College Place post office is established near Walla Walla on May 24, 1892.

  • By Michael J. Paulus Jr.
  • Posted 5/12/2009
  • Essay 9020

On May 24, 1892, the post office of College Place is established a few miles west of Walla Walla. Henry Carnahan is appointed the first postmaster and begins operating a post office in the front room of his house. In 1891, Seventh-day Adventists in Washington and Oregon had decided to establish a college at this site. The land around the planned site of the school was platted and named College Place, and Adventists began buying lots and settling there. Construction of a building for Walla Walla College (now University) began in early 1892. The town of College Place will grow up with and around the college and become incorporated as a municipality in 1945 with a population of about 1,800.

A Place for a College 

As the Seventh-day Adventist Church took form in the 1860s, denominationally oriented education for all ages became a priority. The church started its first school in Battle Creek, Michigan, in 1872, and, as Adventism spread throughout the United States and beyond, schools became an important component of Adventist communities.  Adventist missionaries came west to California in the late 1860s, and in the 1870s the first Adventist churches were organized in the Pacific Northwest.  In the 1880s, Adventists established academies in Milton and Portland, Oregon.

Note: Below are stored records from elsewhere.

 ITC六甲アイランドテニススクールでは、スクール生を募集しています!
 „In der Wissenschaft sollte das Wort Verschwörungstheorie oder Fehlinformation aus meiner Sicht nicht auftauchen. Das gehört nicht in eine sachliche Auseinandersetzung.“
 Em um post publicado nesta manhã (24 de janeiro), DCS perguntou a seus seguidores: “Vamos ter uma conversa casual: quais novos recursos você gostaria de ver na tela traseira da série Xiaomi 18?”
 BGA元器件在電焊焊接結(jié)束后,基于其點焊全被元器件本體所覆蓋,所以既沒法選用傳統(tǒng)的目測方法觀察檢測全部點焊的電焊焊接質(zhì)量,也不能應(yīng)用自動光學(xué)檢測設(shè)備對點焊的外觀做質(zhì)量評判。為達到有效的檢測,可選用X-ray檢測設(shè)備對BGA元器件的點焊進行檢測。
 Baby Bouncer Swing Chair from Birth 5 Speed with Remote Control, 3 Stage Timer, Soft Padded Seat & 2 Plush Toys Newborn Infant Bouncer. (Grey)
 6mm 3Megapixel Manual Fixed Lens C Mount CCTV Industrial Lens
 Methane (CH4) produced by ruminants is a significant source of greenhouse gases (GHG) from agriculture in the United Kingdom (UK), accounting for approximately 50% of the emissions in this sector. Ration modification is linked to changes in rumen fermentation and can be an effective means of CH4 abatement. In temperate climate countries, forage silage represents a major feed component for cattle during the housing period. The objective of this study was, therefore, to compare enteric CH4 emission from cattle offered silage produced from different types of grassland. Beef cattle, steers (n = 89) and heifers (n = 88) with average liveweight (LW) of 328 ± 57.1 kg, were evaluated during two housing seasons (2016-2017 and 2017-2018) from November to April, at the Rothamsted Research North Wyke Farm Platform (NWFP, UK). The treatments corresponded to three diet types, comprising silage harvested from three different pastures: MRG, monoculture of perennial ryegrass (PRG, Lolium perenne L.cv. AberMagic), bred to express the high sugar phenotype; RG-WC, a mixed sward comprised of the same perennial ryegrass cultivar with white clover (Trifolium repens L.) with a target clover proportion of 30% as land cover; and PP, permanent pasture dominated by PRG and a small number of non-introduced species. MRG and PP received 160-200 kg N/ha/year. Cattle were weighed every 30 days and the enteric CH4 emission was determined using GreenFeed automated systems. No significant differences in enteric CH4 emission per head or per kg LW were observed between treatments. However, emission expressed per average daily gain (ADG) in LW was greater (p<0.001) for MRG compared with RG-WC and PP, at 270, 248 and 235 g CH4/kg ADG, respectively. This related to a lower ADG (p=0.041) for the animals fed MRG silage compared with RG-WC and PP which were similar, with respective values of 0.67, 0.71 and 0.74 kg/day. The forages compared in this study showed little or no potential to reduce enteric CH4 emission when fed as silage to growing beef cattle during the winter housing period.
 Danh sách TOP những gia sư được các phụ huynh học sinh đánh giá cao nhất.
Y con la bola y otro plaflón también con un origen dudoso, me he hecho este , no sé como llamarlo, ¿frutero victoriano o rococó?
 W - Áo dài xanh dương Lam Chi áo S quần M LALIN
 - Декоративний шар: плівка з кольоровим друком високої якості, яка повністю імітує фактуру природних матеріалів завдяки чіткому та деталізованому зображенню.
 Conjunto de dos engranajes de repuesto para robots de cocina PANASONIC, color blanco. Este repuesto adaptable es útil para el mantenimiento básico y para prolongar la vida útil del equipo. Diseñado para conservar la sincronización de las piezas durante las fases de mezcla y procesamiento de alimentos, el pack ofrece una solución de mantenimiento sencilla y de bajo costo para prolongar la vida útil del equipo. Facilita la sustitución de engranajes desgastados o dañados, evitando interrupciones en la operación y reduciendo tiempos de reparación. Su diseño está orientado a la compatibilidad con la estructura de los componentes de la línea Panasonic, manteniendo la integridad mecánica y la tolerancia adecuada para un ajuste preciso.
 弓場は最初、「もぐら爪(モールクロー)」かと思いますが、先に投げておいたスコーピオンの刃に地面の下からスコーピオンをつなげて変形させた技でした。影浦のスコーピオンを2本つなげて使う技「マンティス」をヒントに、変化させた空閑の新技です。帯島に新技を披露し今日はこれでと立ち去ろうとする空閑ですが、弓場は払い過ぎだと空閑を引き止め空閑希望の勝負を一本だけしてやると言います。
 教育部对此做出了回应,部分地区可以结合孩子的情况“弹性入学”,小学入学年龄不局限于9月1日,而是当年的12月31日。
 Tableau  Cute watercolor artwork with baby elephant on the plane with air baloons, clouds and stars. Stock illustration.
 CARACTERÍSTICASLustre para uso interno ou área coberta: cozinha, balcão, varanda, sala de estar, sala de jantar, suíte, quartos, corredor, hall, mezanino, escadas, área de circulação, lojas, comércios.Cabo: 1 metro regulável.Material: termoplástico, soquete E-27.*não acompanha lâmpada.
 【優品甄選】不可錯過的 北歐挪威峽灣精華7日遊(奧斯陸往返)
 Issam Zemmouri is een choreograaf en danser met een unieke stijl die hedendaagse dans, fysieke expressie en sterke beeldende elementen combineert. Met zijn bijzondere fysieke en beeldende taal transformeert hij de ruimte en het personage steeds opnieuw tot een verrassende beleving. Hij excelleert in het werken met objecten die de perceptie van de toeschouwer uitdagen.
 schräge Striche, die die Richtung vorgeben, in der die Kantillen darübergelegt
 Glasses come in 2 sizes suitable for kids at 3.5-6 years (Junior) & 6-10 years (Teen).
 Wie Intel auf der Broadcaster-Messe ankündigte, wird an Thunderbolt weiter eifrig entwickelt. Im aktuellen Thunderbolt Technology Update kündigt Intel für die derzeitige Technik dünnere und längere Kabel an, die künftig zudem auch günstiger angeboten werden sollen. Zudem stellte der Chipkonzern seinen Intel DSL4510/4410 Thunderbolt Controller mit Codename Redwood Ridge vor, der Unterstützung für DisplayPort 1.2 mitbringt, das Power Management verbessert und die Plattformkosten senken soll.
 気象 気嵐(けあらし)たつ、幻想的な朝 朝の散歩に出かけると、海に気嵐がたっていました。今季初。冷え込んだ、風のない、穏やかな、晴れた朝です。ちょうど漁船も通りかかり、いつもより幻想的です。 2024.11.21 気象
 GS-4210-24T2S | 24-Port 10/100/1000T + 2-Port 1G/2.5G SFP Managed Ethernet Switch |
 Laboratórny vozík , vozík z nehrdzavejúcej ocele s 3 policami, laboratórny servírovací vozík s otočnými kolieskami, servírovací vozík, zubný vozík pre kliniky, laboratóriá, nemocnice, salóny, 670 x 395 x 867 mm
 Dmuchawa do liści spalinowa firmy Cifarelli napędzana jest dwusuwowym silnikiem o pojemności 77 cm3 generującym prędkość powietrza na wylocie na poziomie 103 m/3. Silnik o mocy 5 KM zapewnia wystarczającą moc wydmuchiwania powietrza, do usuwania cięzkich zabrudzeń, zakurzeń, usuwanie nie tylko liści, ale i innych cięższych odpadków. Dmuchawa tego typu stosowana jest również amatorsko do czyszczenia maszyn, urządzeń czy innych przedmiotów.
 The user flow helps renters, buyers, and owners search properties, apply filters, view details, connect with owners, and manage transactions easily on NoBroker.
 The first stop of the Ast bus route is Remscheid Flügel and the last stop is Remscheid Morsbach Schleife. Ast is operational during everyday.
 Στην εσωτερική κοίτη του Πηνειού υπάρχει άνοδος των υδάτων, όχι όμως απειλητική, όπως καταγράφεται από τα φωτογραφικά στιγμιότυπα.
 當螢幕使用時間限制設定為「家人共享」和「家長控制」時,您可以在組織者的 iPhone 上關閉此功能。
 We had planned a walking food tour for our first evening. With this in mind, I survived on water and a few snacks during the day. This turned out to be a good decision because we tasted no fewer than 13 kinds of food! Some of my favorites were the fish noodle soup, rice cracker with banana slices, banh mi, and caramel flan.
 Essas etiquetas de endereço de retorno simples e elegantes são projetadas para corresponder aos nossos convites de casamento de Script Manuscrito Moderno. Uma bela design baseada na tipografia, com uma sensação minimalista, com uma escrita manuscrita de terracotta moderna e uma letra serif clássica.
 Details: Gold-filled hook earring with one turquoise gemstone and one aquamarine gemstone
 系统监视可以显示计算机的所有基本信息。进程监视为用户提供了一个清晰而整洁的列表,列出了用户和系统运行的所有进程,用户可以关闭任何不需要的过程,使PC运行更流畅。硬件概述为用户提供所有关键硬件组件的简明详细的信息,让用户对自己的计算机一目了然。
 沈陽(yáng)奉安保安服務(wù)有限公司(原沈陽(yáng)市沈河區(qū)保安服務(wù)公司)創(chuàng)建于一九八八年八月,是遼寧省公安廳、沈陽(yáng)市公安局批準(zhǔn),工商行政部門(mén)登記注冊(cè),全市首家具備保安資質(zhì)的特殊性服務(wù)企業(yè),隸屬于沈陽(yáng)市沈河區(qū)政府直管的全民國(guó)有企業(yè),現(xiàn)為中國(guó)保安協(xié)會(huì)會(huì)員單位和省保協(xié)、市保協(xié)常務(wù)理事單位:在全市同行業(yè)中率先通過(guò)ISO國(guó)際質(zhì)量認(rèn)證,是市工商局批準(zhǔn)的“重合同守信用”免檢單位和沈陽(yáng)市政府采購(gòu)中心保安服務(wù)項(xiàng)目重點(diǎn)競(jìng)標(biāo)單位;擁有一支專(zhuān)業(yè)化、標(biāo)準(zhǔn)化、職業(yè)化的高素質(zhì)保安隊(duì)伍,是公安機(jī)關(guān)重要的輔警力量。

In 1890, the denomination’s educational secretary, William Warren Prescott (1855-1944), visited the Northwest and advocated for the consolidation of the two schools into one large and centrally located institution.  Prescott visited the academy in Milton, but decided that another site would be needed.  Walla Walla Mayor Nelson G. Blalock (1836-1913), a medical doctor who had settled in the Walla Walla Valley in 1873 and acquired large tracts of lands, offered the Adventists 40 acres of land for a school a few miles west of the City of Walla Walla.  Leaders within the Adventist denomination made a 25-year commitment to operate their school at the site.

 A College Town is Born 

Plans for Walla Walla College began to take shape in 1891.  Land adjacent to Blalock’s donation was acquired, the town of College Place was named and platted, and lots were sold to migrating Adventists.  The cornerstone for a building for Walla Walla College was laid in May 1892 and a post office was set up, which meant that College Place residents no longer needed to ride or walk to Walla Walla to collect their mail.  A Seventh-day Adventist church was organized in College Place in the summer of 1892. 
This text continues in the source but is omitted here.